The restraints on internal trade are few; there are, however, some restrictions upon hawkers and pedlers who impose on the credulity of the country people. If no effective bankrupt-law has yet been enacted, severe penalties are provided against false pretences. If stock-jobbing has not been prohibited, it is not from want of will on the part of the legislators, for they are fully alive to the evils of unproductive speculation, which diverts from industry the needful capital; but because they do not see how it is to be effectually prevented. Besides, it is not easy to commit frauds in the United States, in the home trade; for here every body knows every body else, and every one is on the watch against others; and it is not difficult to ascend to the sources of a fraud. In respect to articles designed for the foreign trade, detection is not so easy. There is also here a sort of patriotism, which is by no means at war with the real interests of the parties, and which operates with the fear of public opinion, in keeping up a certain degree of honesty in domestic transactions, and a tone of morality, which, if not wholly above reproach, is certainly far superior to what prevails amongst us; whilst, to many persons, all is fair in dealings with foreigners, whom they look upon as a kind of barbarians.

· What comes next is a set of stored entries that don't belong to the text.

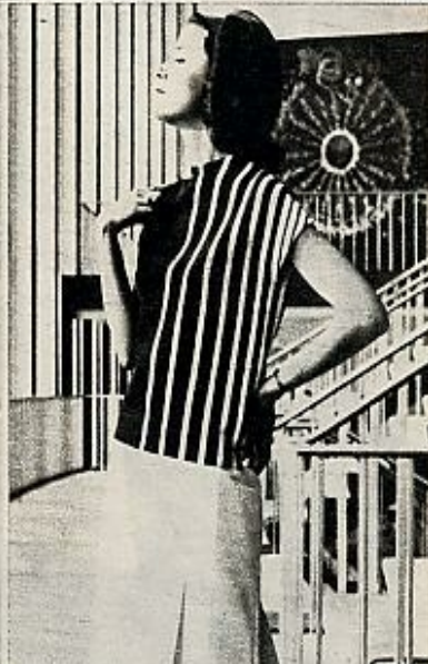
Falda veraniega y blusa a rayas verticales blancas y azules a un solo lado.
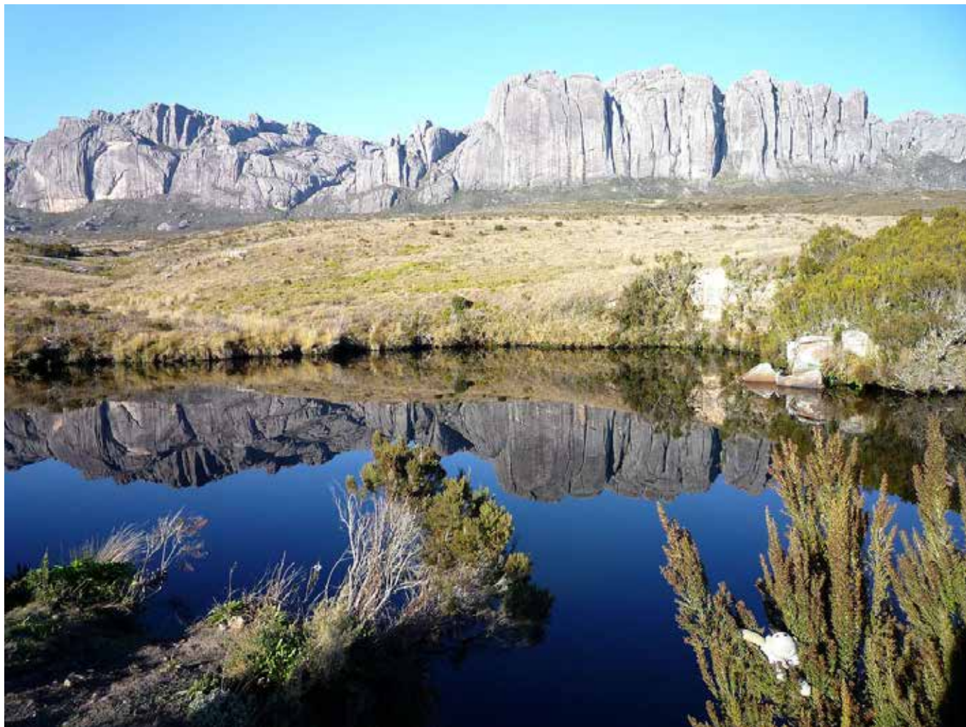
Massifs montagneux d'Andringitra
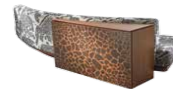
7166 WILD BACK - cm 300x83x78 h. - h seduta/seat cm 38 - mobile/cabinet cm 120x41x72 h. Design: Lorenza Bozzoli

Sofa with a low table with giraffe-striped inlay. Structure: mahogany plywood. Finish 397 giraffe.
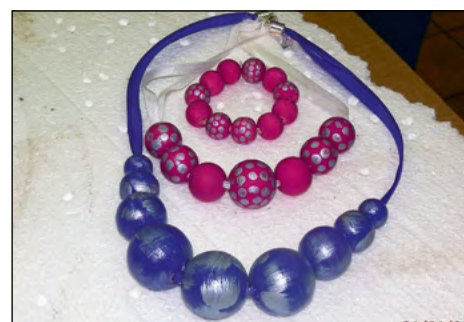
Spretne roke so ustvarile modne izdelke.
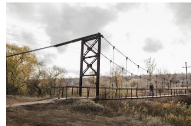
Novhorodske, Ukraine. Novembre 2020.
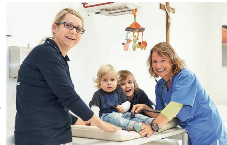
Dok.-Nr.: BK-PI-80 | Fotos: Hanschke Fotografie
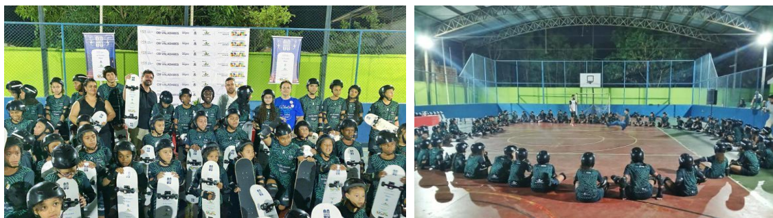
Figura 4 – Águas de Valadares abraça projeto que une esporte e educação através da prática do skate

Águas de Valadares abraça projeto que une esporte e educação através da prática do skate
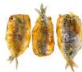
ALICI BECCAFICO 1,25 KG
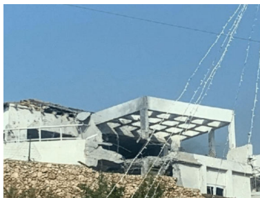
הפגיעה שריסקה את הבית באלפי מנשה

לצד כל האירועים הקשים שאירעו, נחשפים גם מספר עצום של מופתים וניסים המתחוללים מידי יום.
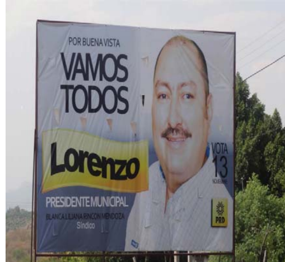
Ubicación: Carretera Tepalcatepec-Apatzingán a 248 km. Poblado 18 de Marzo (Oriente a Poniente). (Anuncio Espectacular).
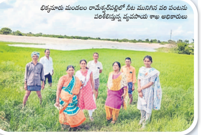
భిక్కనూరు మండలం రామేశ్వరపల్లిలో నీటి మునిగిన వరి పంటను పరిశీలిస్తున్న వ్యవసాయ శాఖ అధికారులు

ప్రభుత్వ పరిహారంపై ఆశలు పెట్టుకున్న రైతులు నిజామాబాద్, సెప్టెంబర్ 5 (నమస్తే తెలంగాణ ప్రతినీడి) : భారీ నుంచి అతి భారీ వర్షాలు కురియడంతో నిజామాబాద్, కామారెడ్డి జిల్లాలు తడిసి ముద్దయ్యాయి. కుండపోత వానలతో రైతాంగం కుదేలైంది. కొద్ది రోజుల్లో పంట చేతికి రానున్న తరుణంలో దంచికొట్టిన వర్షాల రైతులకు శాపంగా మారాయి. వరద పోట్లతో వేలాది ఎకరాలు నీటి మునిగాయి. పంట పొలాల్లో ఇసుక మేటలు వేశాయి. వరి, మక్కువోన్న పత్తి, సోయా తదితర పంటలకు తీవ్ర నష్టం వాటిల్లింది. నాలుగైదు రోజుల నుంచి కురిసిన వర్షాలు గురువారం కాస్త తెరిచినాయి. అయితే, వానలు, వడలతో ఎంత నష్టం జరిగిందనే లెక్క తేల్చడంలో అధికార యంత్రాంగం నిర్లక్ష్యం వహించినట్లు కనిపిస్తున్నది. క్షేత్ర స్థాయిలో జరిగిన వాస్తవ నష్టం లెక్క తేల్చాలని రైతులు డిమాండ్ చేస్తున్నారు. ఎందుకంటే ఇటీవల ఖమ్మం, మహబూబాబాద్ వరద ప్రభావిత ప్రాంతాల పర్యటనకు వెళ్లిన సీఎం రేవంత్ రైతులను నష్టపోయిన రైతులకు పరిహారం చెల్లిస్తామని ప్రకటించారు. ఈ నేపథ్యంలో ఉమ్మడి నిజామాబాద్ జిల్లాలోనూ భారీగా పంట పొలాలు దెబ్బతిన్న తరుణంలో.. ప్రభుత్వం నుంచి సాయం అందుతుందనే ఆశతో రైతులు ఎదురు చూస్తున్నారు. కానీ, వ్యవసాయ అధికారులు ఇంకా క్షేత్ర స్థాయి పర్యటనకు రాకపోవడంపై ఆందోళన చెందుతున్నారు.

Previous to 1789, we had numerous restrictions not only on foreign commerce, but on domestic industry, in France. These were all blown away by the Revolution; and certainly the destruction of most of them, which had become antiquated and inapplicable to the existing state of things, was a great gain; but we have run into the contrary extreme, and abolished not only the burdensome restraints, but the most salutary checks, and among them the inspection of exported articles. Yet on the whole we have gained in respect to domestic industry, by sweeping away those often cumbersome regulations; but in regard to our foreign trade, the evil has certainly overborne the good, as the decline of our maritime commerce fully proves.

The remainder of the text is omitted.